Estoński CIT – plan jego wprowadzenia do polskiego systemu podatkowego budził wielkie nadzieje szczególnie dla start-upów, którym zależało na reinwestowaniu zysków bez podatku. Szybko jednak te nadzieje się rozwiały, gdy w 2021 r. wszedł w życie estoński CIT 1.0. Warunki skorzystania z tej formy opodatkowania dochodów spółek oraz kompletnie do tej pory obce rozwiązania podatkowe spowodowały, że z eksperymentalnej formy ryczałtu dla spółek skorzystało w 2021 r. około 300 podmiotów.

Gdy tak głośno reklamowany przez Ministerstwo Finansów projekt okazał się fiaskiem rozpoczęto prace nad jego „ucywilizowaniem”. Przyznać należy, że estoński CIT 2.0 okazał się jasną gwiazdką na ciemnym niebie w realiach Polskiego Ładu.

CIT Estoński – wróćmy do początku

Ryczałt od dochodów spółek zwany potocznie estońskim (gdyż ten CIT wzorowany jest na skandynawskim pomyśle) opiera się na zasadzie, że spółka nie płaci podatku dochodowego tak długo, jak nie wypłaca zysku do wspólników. Właśnie dlatego na pomysł wprowadzenia go w Polsce z takim utęsknieniem czekały start-upy. Dzięki temu w początkowej fazie, gdy wypracowane środki są reinwestowane i nie traci się tak cennego kapitału na zapłatę podatku.
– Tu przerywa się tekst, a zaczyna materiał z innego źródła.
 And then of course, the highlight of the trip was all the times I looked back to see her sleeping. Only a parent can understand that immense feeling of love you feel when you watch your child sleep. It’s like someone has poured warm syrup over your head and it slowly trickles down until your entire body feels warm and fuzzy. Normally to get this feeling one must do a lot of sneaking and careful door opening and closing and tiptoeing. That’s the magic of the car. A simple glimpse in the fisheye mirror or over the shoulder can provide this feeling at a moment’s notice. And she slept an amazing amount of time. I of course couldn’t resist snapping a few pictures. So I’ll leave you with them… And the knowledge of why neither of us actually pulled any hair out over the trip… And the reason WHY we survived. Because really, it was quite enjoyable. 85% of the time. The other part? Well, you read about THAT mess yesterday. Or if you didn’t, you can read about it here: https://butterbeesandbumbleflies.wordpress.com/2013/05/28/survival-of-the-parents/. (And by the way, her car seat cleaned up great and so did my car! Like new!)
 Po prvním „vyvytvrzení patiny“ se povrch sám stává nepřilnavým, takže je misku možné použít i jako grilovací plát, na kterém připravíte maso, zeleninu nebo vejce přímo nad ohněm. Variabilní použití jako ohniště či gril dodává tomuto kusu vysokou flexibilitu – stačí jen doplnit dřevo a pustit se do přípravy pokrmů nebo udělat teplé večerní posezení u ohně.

Ku wielkiemu rozczarowaniu polskich przedsiębiorców pierwotna wersja estońskiego CIT obwarowana została tak wieloma warunkami, że nie znalazło się wielu odważnych, aby być królikiem doświadczalnym polskiej legislacji.

Ograniczenie estońskiego CIT tylko do spółek z o.o. i spółek akcyjnych, konieczność ponoszenia konkretnych nakładów inwestycyjnych (konkretnie określonych co do wysokości i przeznaczenia), wysokie opodatkowanie na wyjściu to tylko niektóre powody, dlaczego tak mało spółek wybrało tę formę opodatkowania w 2021 r.
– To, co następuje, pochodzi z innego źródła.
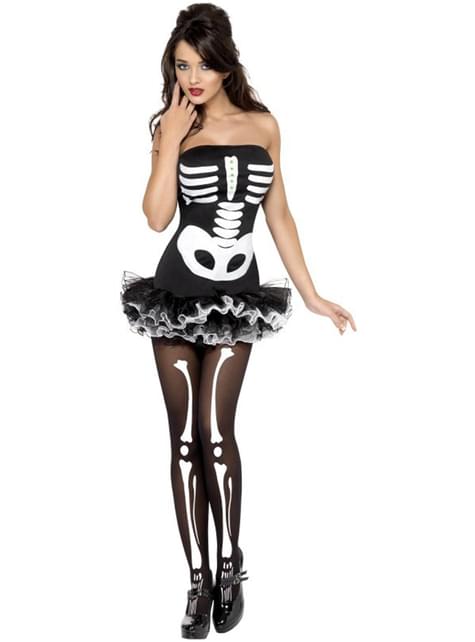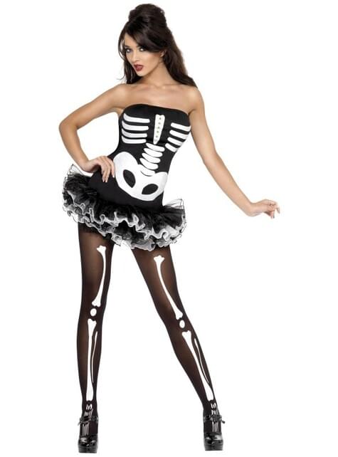Omvat een mini jurkje met tutu rokje en opdruk van een skelet.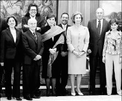 FESTEJAN AL QUIJOTE EN LA ZARZUELA  En el Palacio de la Zarzuela de Madrid, 18 ministros de Cultura de América Latina, entre ellos el cubano Abel Prieto y la mexicana Sari Bermúdez, participaron ayer, con el jefe de gobierno José Luis Rodríguez Zapatero y los reyes de España, en el primer acto de conmemoración por el cuarto centenario de la publicación de El Quijote FOTO AFP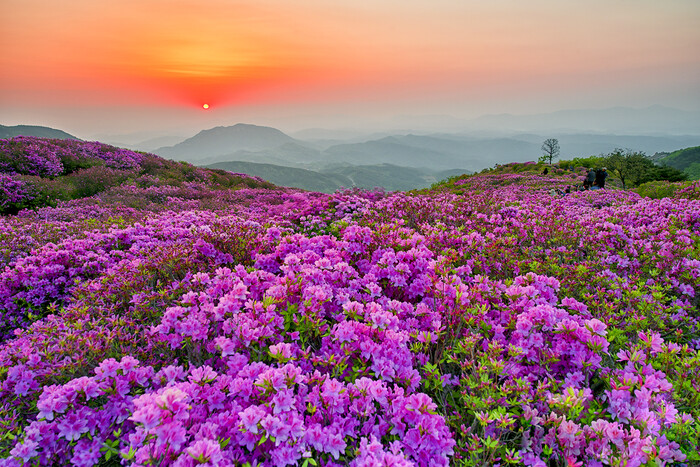 황매산(1,113m)은 철쭉 3대 명산 중 하나로 매년 봄철이면 하늘과 맞닿을 듯 드넓은 진분홍빛 산상화원이 펼쳐진다. 특히 정상아래 해발 800~900m의 드넓은 평원에 철쭉이 만개한 황매산의 풍경은 보는 이들로 하여금 감탄을 자아내며 눈길이 닿는 곳마다 예쁜 꽃망울이 완연한 봄기운을 느낄 수 있게 한다.

Co nam przyniósł Polski Ład?

Poprawki jakich dokonano w reżimie estońskiego CIT wprowadzone Polskim Ładem bez wątpienia przyczyniły się do uatrakcyjnienia tej formy opodatkowania. Zapewne nie bez znaczenia są tu zmiany w zakresie innych instytucji podatkowych wprowadzone nowelizacją, a które powodują, że coraz więcej inwestorów zastanawia się nad przekształceniem swoich firm i poszukuje w tym zakresie alternatyw.

W ramach nowelizacji rozszerzono przede wszystkim zakres podmiotów, które mają prawo do skorzystania z estońskiego CIT. Do reżimu tego dopuszczone są w tym momencie w zasadzie wszystkie spółki podlegające opodatkowaniu podatkiem dochodowym od osób prawnych (wyjątkiem są spółki jawne, które tylko wyjątkowo są podatnikami CIT) a więc spółki akcyjne, spółki z o.o. ale również spółki komandytowo-akcyjne, spółki komandytowe i proste spółki akcyjne.
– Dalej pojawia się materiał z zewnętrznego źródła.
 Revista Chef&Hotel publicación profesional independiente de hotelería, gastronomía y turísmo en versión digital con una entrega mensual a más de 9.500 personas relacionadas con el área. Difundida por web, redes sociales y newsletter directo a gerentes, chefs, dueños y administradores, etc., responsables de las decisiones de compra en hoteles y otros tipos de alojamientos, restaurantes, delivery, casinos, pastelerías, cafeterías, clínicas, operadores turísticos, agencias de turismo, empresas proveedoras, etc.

Polski Ład zniósł również obowiązek ponoszenia nakładów inwestycyjnych przez spółki. Nie ma również górnego limitu przychodów uprawniającego do podlegania pod reżim estońskiego CIT. Atrakcyjność nowej odsłony ryczałtu od spółek poprawiło też bez wątpienia obniżenie stawek procentowych podatku z 25% i 15%- dla małych podatników do 20% i 10% dla małych podatników.

Jak estoński CIT działa od 2022 roku

Jak wspomniałam na początku, założeniem ryczałtu od dochodów spółek jest odroczenie opodatkowania do momentu wypłaty zysku do wspólników. W tzw. „klasycznym systemie” opodatkowaniu podlega dochód uzyskany przez spółkę, a więc przychody pomniejszone o koszty uzyskania przychodów. Powoduje to po stronie spółki dwa podstawowe problemy – po pierwsze konieczność opodatkowania dochodu w momencie jego osiągnięcia (co niekiedy może nie mieć nawet związku z przepływem środków pieniężnych) oraz konieczność prowadzenia „podwójnej” rachunkowości dla celów bilansowych i podatkowych.  Estoński CIT wprowadzony Polskim Ładem rozprawia się z obydwoma problemami jednocześnie:

  • Kalkulacja zysku netto opiera się o przychody i koszty ewidencjonowane w oparciu o ustawę o rachunkowości. 
  • Dopiero w momencie „wyjścia” pieniędzy ze spółki do wspólników są one opodatkowane – po stronie spółki i częściowo po stronie wspólników.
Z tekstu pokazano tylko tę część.